All that is wanted is the exact text of the lines below from the one with "E para completar" through the one with "VIN | MC34-1103946 |", inclusive, minus any pictures.

Information given:
* * *

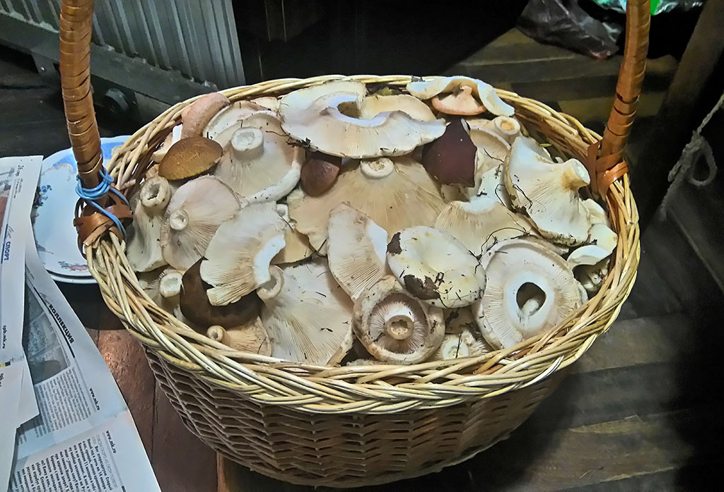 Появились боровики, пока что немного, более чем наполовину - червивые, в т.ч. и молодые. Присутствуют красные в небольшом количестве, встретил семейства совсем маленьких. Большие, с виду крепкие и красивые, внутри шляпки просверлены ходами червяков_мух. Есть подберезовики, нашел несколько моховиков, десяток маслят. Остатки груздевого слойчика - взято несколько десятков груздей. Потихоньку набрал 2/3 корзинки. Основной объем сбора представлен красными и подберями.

* * *

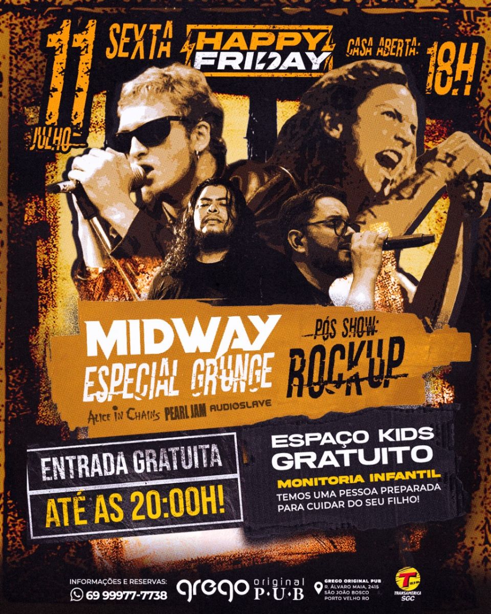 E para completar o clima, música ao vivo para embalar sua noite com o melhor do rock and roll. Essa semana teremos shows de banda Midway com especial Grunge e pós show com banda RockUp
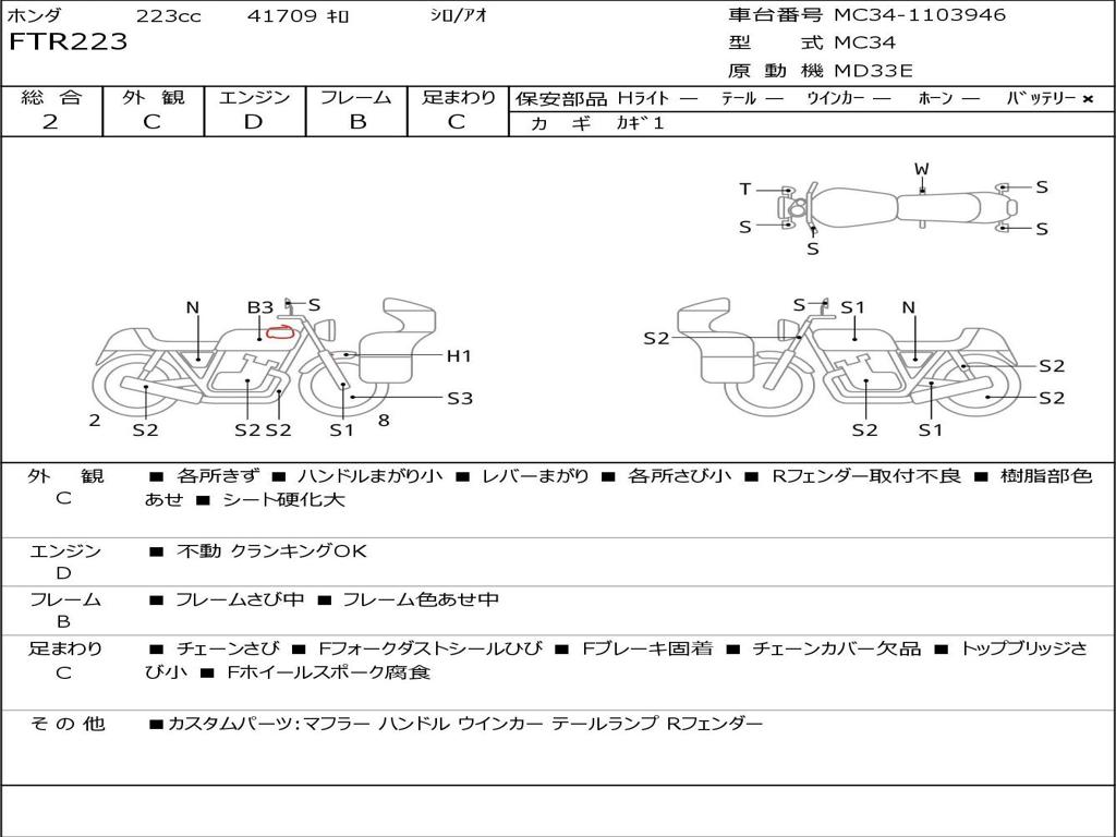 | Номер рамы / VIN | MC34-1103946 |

* * *

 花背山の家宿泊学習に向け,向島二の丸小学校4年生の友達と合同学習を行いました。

* * *

Result of this exercise:
 E para completar o clima, música ao vivo para embalar sua noite com o melhor do rock and roll. Essa semana teremos shows de banda Midway com especial Grunge e pós show com banda RockUp
 | Номер рамы / VIN | MC34-1103946 |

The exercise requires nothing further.